4. Exemplary or Vindictive Damages: not recognized in LoC but in exceptional cases


like breach of contract to marriage, dishonor of a cheque, court may look at
exemplary damages. But as a general rule, these damages are awarded with a view to
punish the guilty party for the breach and not by of compensation.

5. Duty to Mitigate (v imp): S73 explanation provides for duty to mitigate. In


estimating the loss or damage arising out of a breach of contract, the means which
existed in remodifying inconvenience by non-performance caused must be taken into
the consideration. Loss is to be ascertained as on the date of the breach of the contract.
If at the date if the plaintiff could do something to mitigate the damages, D is entitles
to the benefit of the breach. Rule in regard to mitigate must be applied with discretion
and a man who has put himself in the wrong by breaking his contract has no right to
impose new and extraordinary rights on the aggrieved party.

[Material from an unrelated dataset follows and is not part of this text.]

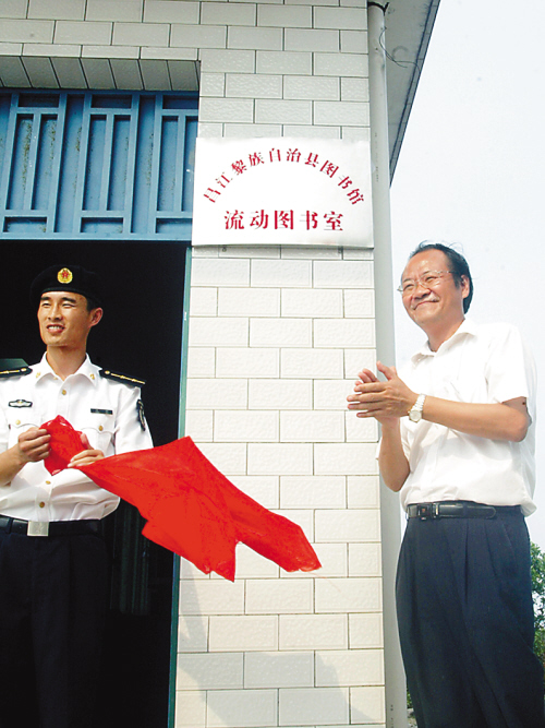 4月14日,昌江黎族自治县文体局局长庞大海与驻扎该县海军某部指导员汤辉共同为该县第一个“流动图书室”揭牌。 为解决边远地区群众、军营官兵们读书难问题,昌江图书馆采取赠送图书以及定期更换流动新书等方式建设“流动图书室”,深受群众好评。 该图书馆当天为海军官兵们带去300多册流动新书以及赠送了200多册图书,价值2800多元。
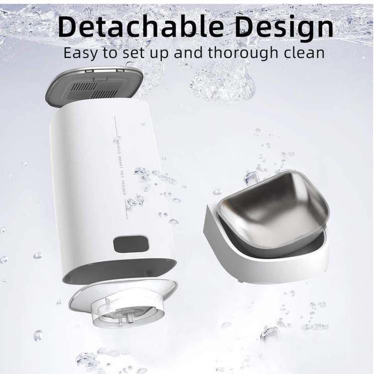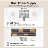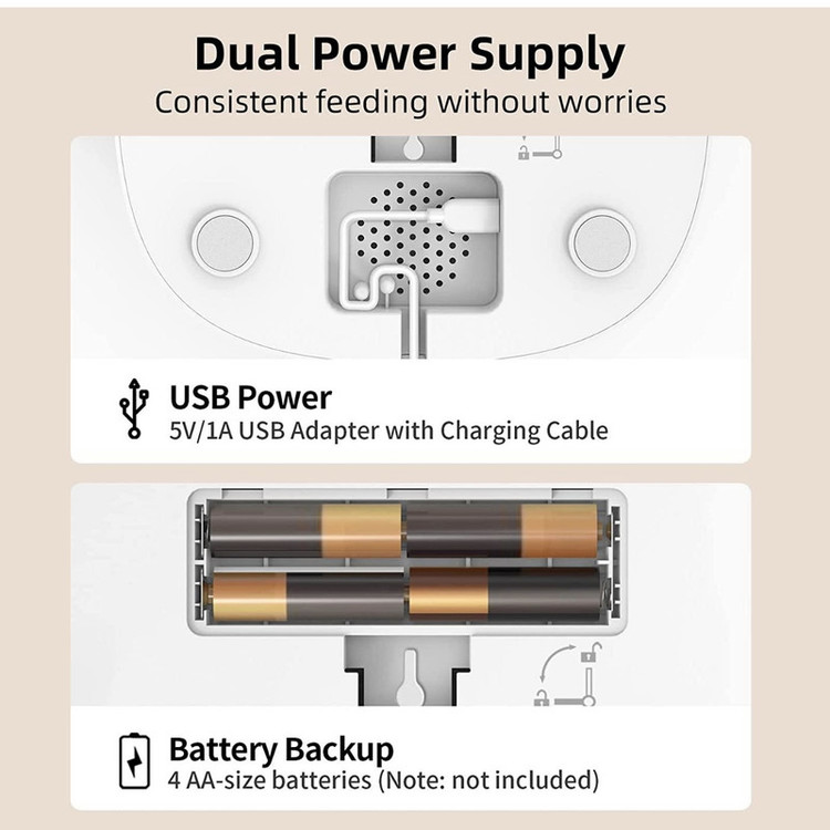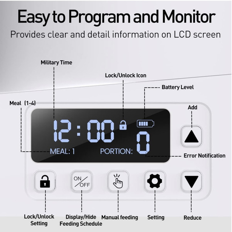 قطعات و کاسه غذای استیل ضد زنگ این ظرف غذای اتوماتیک گربه و سگ برای تمیز کردن کامل قابل جدا شدن است. کیسه خشک کن تعبیه شده با روکش درزگیر، غذا را تازه نگه می دارد. تنها چیزی که ما می خواهیم این است که زندگی تمیزتر و سالم تری برای حیوان خانگی شما فراهم کنیم! ROJECO از توله سگ شما مراقبت می کند. : پخش کننده غذای گربه ما آداپتور 5 ولت و کابل شارژ USB را در بسته ارائه می دهد. سیستم پشتیبان باتری (4 باتری سایز AA، شامل نمیشود) تضمین میکند که سگها یا گربههای شما هرگز یک وعده غذایی را از دست نمیدهند، حتی اگر منبع تغذیه خانه شما قطع شود. طراحی ضد گرفتگی قابل اعتماد؟: فقط برای غذای خشک مناسب است، اندازه گلوله غذا در عرض 4-12 میلی متر بهتر است. ساختار مکانیکی پیشرفته برای حل مشکل انسداد مواد غذایی طراحی شده است. سنسور مادون قرمز داخلی ذخیره غذا را تشخیص می دهد، اگر غذا کافی نباشد، فیدر قسمت صفر را روی صفحه LED نشان می دهد. مونتاژ و برنامه ریزی آسان است؟: فقط چند دقیقه طول می کشد تا این تغذیه گربه را جمع آوری کنید. اطلاعات واضح و دقیق روی صفحه LED نشان داده می شود. برنامه ریزی تغذیه با فشار دکمه آسان است. این فوق العاده است که به حیوان خانگی خود کمک کنید تا یک عادت غذایی خوب و کنترل بخش را ایجاد کند. توجه: این مدل دکمه را نمی توان توسط برنامه ROJECO کنترل کرد. حیوانات خانگی را طبق برنامه تغذیه کنید؟: تغذیه خودکار ROJECO 4L به شما امکان می دهد برنامه تغذیه را تنظیم کنید، 1-4 وعده در روز و حداکثر 60 وعده در هر وعده (0.2 اونس در هر وعده). برای غذا دادن به گربه ها یا سگ های خود با تنظیم یک برنامه غذایی زمانی که شب ها اضافه کاری دارید یا روزها سفر می کنید. تغذیه گربه خودکار مطمئناً مجهز به عملکرد تغذیه دستی است تا به راحتی با فشار دادن دکمه به حیوانات خانگی خود پاداش دهید.

Jamal vs Moola Dawood Sons and Co.


Difference between the contract price and the market price on the date of breach of contract
irrespective of the fact that the seller again does not sell the goods on that day but sells the
same on the subsequent day and the actual loss to him is different from the difference of
prices on the date of the breach of the contract.

LIDQUIDATED DAMAGES
The damages which is agreed or pre-estimated by the parties in the contracts. Issues looking
at are whether the pre-estimated amount is in the form of compensation or penalty. In the
form of compensation- enforceable by court. If it has got a tinge of penalty which is not the
intention of damages, court may not enforce.
Dunlop Pneumatic Tire Co. Ltd vs New Garage and Motors Co.
Court laid down propositions for dealing with liquidated damages:
i. Expression used by parties is not conclusive and court must find out whether the
payment stipulated is in true penalty or liquidated damages.
ii. Question whether a sum stipulated is a penalty or liquidated damages is a
construction to be decided upon the terms and inherent circumstance of each
particular contract.
iii. To assist this, various tests were suggested.
a. It will be a penalty if the stipulated sum is extravagant and unconscionable in
amount in comparison with the greatest lost that could follow from the breach.
b. It will be a penalty if the breach consists only in not paying a sum of money
and the sum stipulated is greater than the sum which ought to have been
aimed.
c. Penalty may be presumed when a single lump sum is made payable by way of
compensation by way of occurrence of one or more or all of the several
events, sum of which may occasion a very serious damage while the others
may have very minor damages.
Facts: manufacturer of tires supplied the tires on the condition that the tires will not be sold
below the list price and the liquidated damages would be payable for every tire sold in the
breach of the agreement.
Held: the stipulated sum was intended to be a genuine compensation for the loss suffered and
thus liquidated damages.
Ford Motor Co. vs Armstrong (damages amounting to penalty)
D, a retailor, received from P supply of cars and pars and agreed to not sell for a price below
the listed price. A sum of 250 pounds was payable for every breach as agreed damages.
Held: sum fixed was penalty and not liquidated damages because part sold in breach was of
lesser value than the damages that was to be paid.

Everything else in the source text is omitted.